Тот прочитал, повертел бумажку и снова прикусил палец.

Не кури, запретил себе Бергман, и взял папиросу.

- Видишь ли, - озадаченно сказал Фриц, - новый паспорт, даже срочный, займет недели две. Снимешься на карточку, заполнишь анкету. В участок сходишь, по месту проживания, - там сведения о прописке дадут. Да ты, может, поищи хорошенько, куда ты мог его засунуть?..

Макс безнадежно махнул рукой:

- В письменном столе лежал, а стол я продал. Ящики, разумеется, освободил. Да только он мог завалиться внутрь, когда я вытаскивал ящик, вот и все. А две недели меня ждать, - он присвистнул, - никакая должность не будет.

Погасил папиросу. Встал.

- Погоди; я тебе пока аусвайс выдам, временный пропуск. Ты теперь свою фамилию как пишешь?..

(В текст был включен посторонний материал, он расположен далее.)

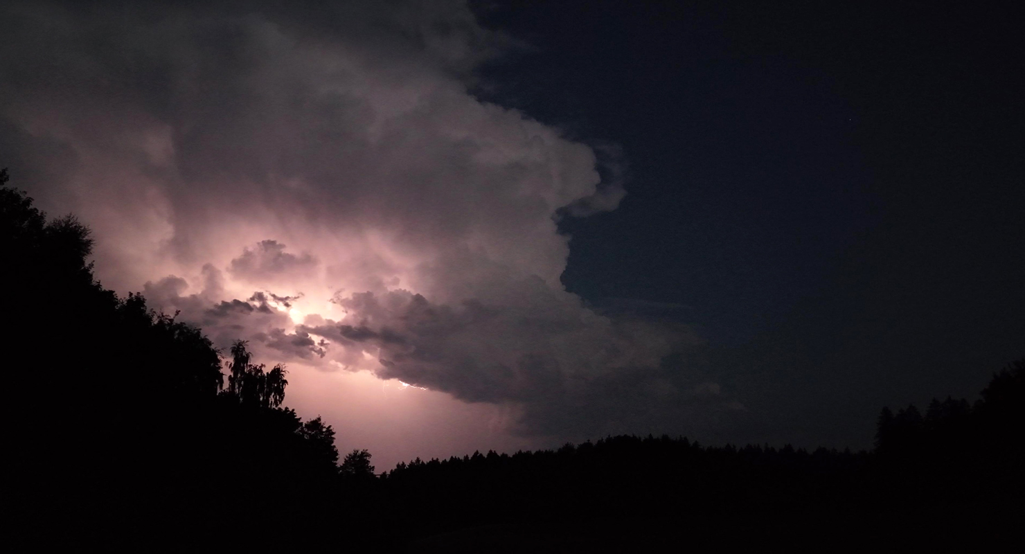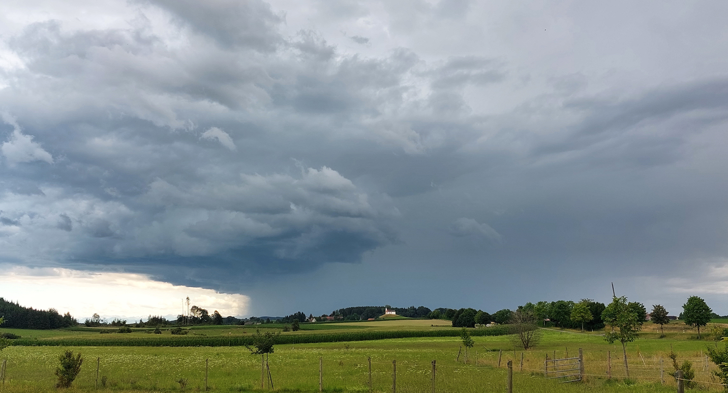 Gewitter bei Waldburg, von Neuurbach aus mit Blick zur Volkertshauser Kapelle

- Кто как пишет, сам видишь, - Бергман заставил себя легко пожать плечами, с трудом веря услышанному, но не мог и не верить, потому что Фриц писал, тюкая пером в чернильницу и склонив голову - точь-в-точь как на уроке, только на темени нежно просвечивала светлая лужайка. Через несколько минут он прижал к бумаге утюжок пресс-папье, топнул два раза печатью и протянул бумажку на немецком языке, до смешного похожую на советский пропуск.

- Краузе, пиво за мной! И что-нибудь покрепче тоже, - Макс подмигнул.

На пороге кабинета сердечно обнялись.

…Что-то еще, напряженно вспоминал Бергман. Что-то здесь следовало сделать - спокойно, невозмутимо. Он аккуратно уложил бумажку во внутренний карман и уверенно направился к стойке с зонтиками. Не спеши, ты ничего не украл. Кроме доверия товарища, прямодушного Краузе. Не иди быстро - он может смотреть из окна. Раскрой зонт, дождь лупит вовсю.

На нижней ступеньке лестницы лежал тот же лист, мокрый и блестящий, а рядом английская булавка.

У парадного не было ни одной подводы. Никто не приезжал, успокоил дворник. Народ балованный - знают, что сейчас они нарасхват.

Бергман торопливо кивнул и поспешил наверх. И хорошо, что народ балованный, бормотал, выуживая их кармана ключи. Он привычно отпер знакомую дверь, тихо закрыл ее и только тогда произнес:

- Это я, Натан. Готовы?

Плотно зашторенные окна делали квартиру еще темнее, и он потянулся рукой к выключателю, позвав еще раз:

- Натан?..

Рука замерла и опустилась, а сам он медленно повернул голову, начисто забыв о грузчиках, префектуре, собственном страхе и спешке. Зильбер висел в передней, словно отворачиваясь от лампы, свисавшей с того же крюка, как будто свет мог потревожить печаль на спокойном, чуть снисходительном лице.

Двойная парадная дверь распахнута настежь, и чужие люди в грубых брезентовых рукавицах выносят, переступая мелкими шажками и оглядываясь, диван. Потом секретер. Кресло явно не хочет покидать дом и нарочно застревает внизу, чтобы полюбоваться на себя в зеркале; грузчики пытаются развернуть его боком.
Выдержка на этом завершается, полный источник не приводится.